= James Thompson Bain =

South African activist (1860–1919)

James Thomson "JT" Bain (6 March 1860 – 29 October 1919) was a socialist and syndicalist in colonial South Africa.

== Early life and career ==
Bain was born into poverty in Dundee, Scotland on 6 March 1860 to Andrew Bain and Eliza Thomson. At the age of 16, he enlisted in the British Army and in 1878 he was sent to Pretoria, the capital of the Transvaal, annexed by Britain the previous year. He fought for the British against the Zulus in Natal in 1879. From 1880 to 1882 he was stationed in India.

After leaving the Army he returned to Scotland where he trained as a fitter. As a skilled artisan, he became active in the labour movement and became familiar with the thought of Thomas Carlyle, a Scottish socialist. He became active in socialist circles, joined the Scottish Land & Labour League and met William Morris, a leading figure in European socialism, in Edinburgh.

== Settlement in South Africa ==
In 1890 he moved to South Africa, initially settling in Cape Town. He immediately became known as a zealous proponent of socialism. Bain moved north to Kimberley and soon after to the Transvaal (which had after the victory at Majuba in 1881 regained its independence from Britain as the Zuid Afrikaanse Republiek).

He settled in Johannesburg, which had become a major mining settlement after the discovery of gold in 1886, and became active in the Labour Union, launched in August 1892.

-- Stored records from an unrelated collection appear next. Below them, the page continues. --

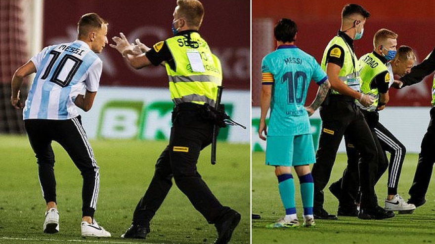 VOV.VN - Dù trận đấu giữa Mallorca và Barca diễn ra không có khán giả nhưng một fan cuồng của Lionel Messi vẫn tìm được cách lẻn vào và chạy xuống sân.
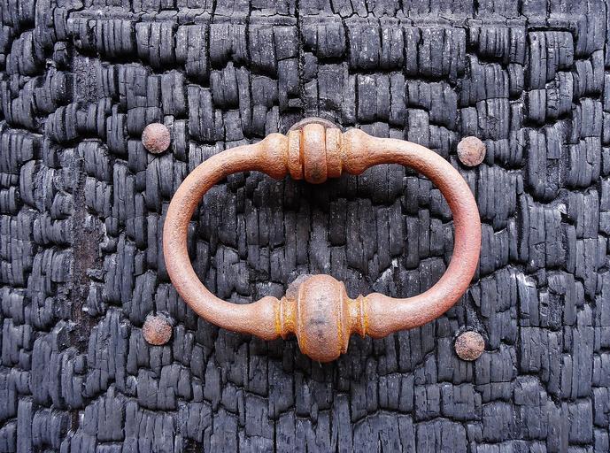 Keywords: door fire wood brule black iron metal handle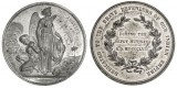 BICENTENARY OF THE REVOCATION OF THE EDICT OF NANTES, commemorated by the Huguenot churches in London, 1885, silver (47mm), obv. robed figure holding dagger and ...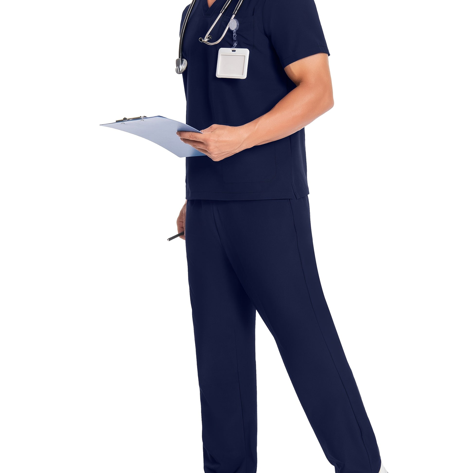 Men's Breathable Polyester Workwear Set V-Neck Top and Pants with Pockets for Pet Grooming and Lab Coats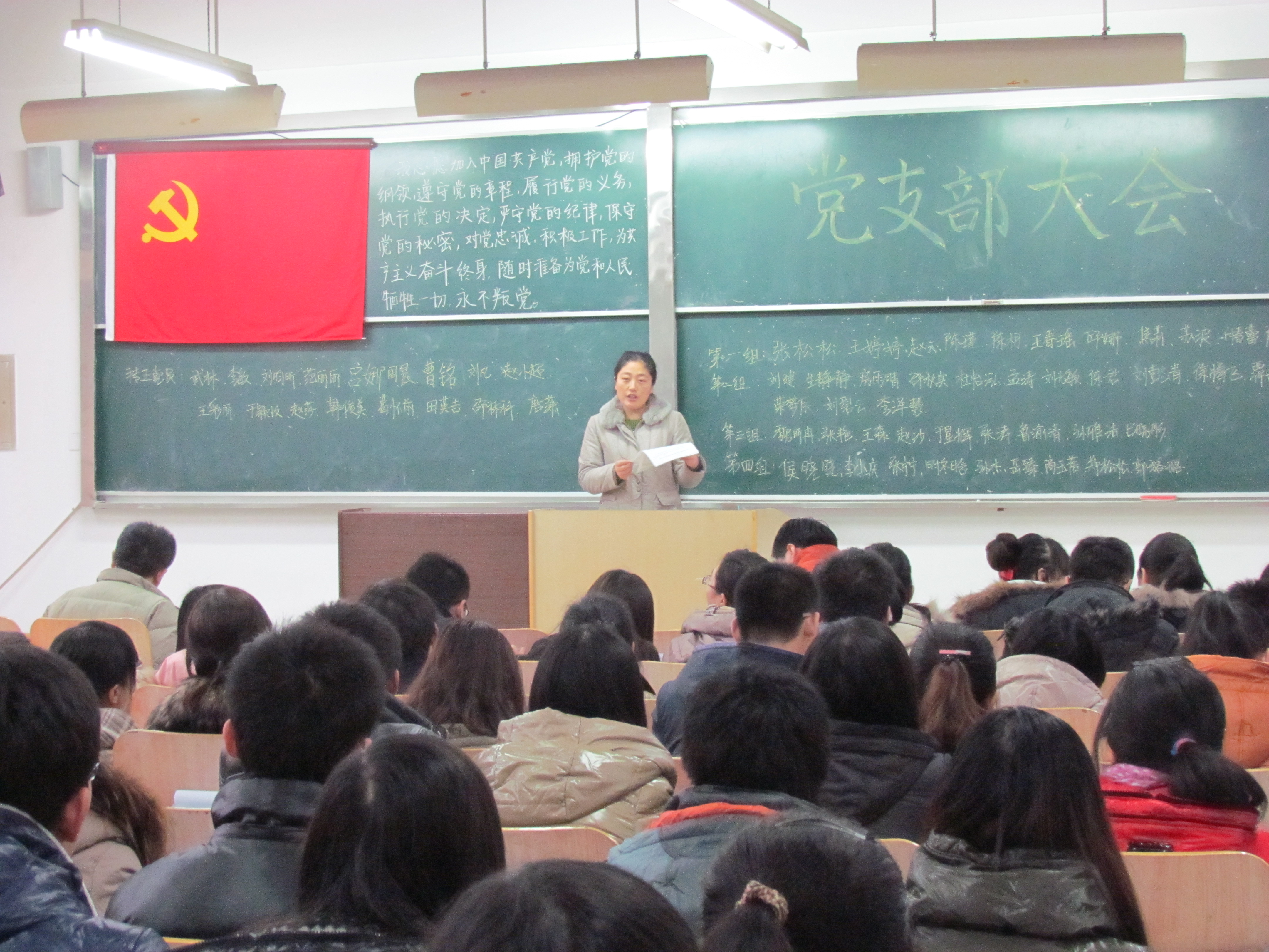 此次大会主要有两部分组成。首先进行的部分是党员发展大会,而这一部分又由申请入党人员介绍、第一次申请的同学的介绍人介绍、大会表决、本次申请的党员表决心四方面组成。在申请入党人介绍中申请入党的同学依次发表了慷慨激昂的演讲。他们用饱满的激情向党表达了他们对党的热爱与拥护。这一小节结束后副辅办主任、团总支书记徐会全老师、副主席张绪玉同学对申请入党的同学进行了客观公正的介绍,介绍完毕后由出席的21位正式党员进行表决,最后在申请党员的同学们坚定地决心宣言中党员发展大会部分结束。紧接着进行大会第二部分预备党员转正大会。在这一部分中首先进行的是预备党员对自己这一年的情况汇报。随后由老师对预备党员们的表现发展提相关建议,他们都表示受益匪浅会一定落实到今后的学习工作上去。最后在21名正式党员进行表决的同时预备党员转正部分也宣告完成。随后依照惯例所有党员在党旗下进行了庄严的宣誓整个过程显得肃穆而又神圣。在大会的尾声徐会全老师对整个大会做了简短却又精炼的的总结,他用简朴的话语又一次将党的精神传达给了在场的同学,他用严肃的神情再次向在场的同学传达了今后工作的重要性。最后大会伴着徐会全老师演讲的结束圆满完成。

During the 1890s Bain was politically active in a range of ways, including spying for the Kruger government in the Transvaal and Natal. He became editor of the Johannesburg Witness in 1899 and became a leading figure in Johannesburg Trades Council (founded October 1893). With Tom Mathews (Cornish-born ex-US mining union activist in Butte, Montana) and Johannesburg Trades Council's secretary Robert Noonan (aka Robert Tressell, author in 1914 of The Ragged Trousered Philanthropists) he founded the International Independent Labour Party.

When the Second Boer War broke out between the ZAR and Britain in October 1899, Bain joined the Transvaal forces and fought for his adopted country. On 31 July 1900, the day Johannesburg fell to the British, he was captured there and faced the prospect of a charge of treason, but was eventually treated as a POW on the basis of his naturalisation to the Transvaal. He was held in Ceylon, and after his release in 1903 returned to Johannesburg.

From then to 1905 Bain maintained a low profile in the labour movement. But in 1906 the Transvaal Independent Labour Party was formed and, after its merger with another grouping, Bain was elected president. Bain went to work on a mine outside Pretoria in 1908 and remained active in politics and trade unions.

== Industrial action ==
In 1913 he became a full-time organiser with the Trade Union Federation and almost immediately was plunged into the greatest industrial conflict ever experienced in Southern Africa. From May to July 1913 as secretary of the Strike Committee he was the leader of the strike that started at the Kleinfontein Mine east of Johannesburg and soon escalated to a Transvaal-wide industrial revolt (of white workers). In June Bain led efforts to initiate sympathy strikes at various neighbouring mines and on the 20th was arrested on a charge of 'incitement to strike'. He was released on bail and on 29 June a general strike was called.

On 4 July 1914, in a meeting between the strike leaders, Prime Minister Louis Botha and then-minister Jan Smuts, agreement was reached on the basis of full reinstatement of all miners who had been dismissed and an undertaking by the government to consider all the grievances of the trade unions. Botha and Smuts managed to persuade the mine owners, and the settlement was concluded.

However, Smuts was to have his revenge for the 'defeat' of 1913. A railway strike declared (without Bain's approval) in January 1914 led Smuts to mobilise his newly organised citizens' forces and seize key railway institutions. A general strike was proposed, but on 10 January a warrant for Bain's arrest was issued. Bain and fellow labour leaders barricaded themselves into their headquarters and on 13 January the Federation announced that affiliated unions had balloted in favour of the strike. However, on 15 January the Trades Union building was surrounded by police and soldiers, including artillery, and Bain and his colleagues had no option but to surrender. In February he was deported to Britain.

== Later life ==
By November 1914 he and other deportees were back on the Rand, but – partly as a result of World War I – never regained the initiative. In October 1919 he was admitted to Johannesburg General Hospital. After writing a letter to a newspaper from his death bed, urging readers to vote for Labour and Socialist candidates in the forthcoming local election, he died on 29 October.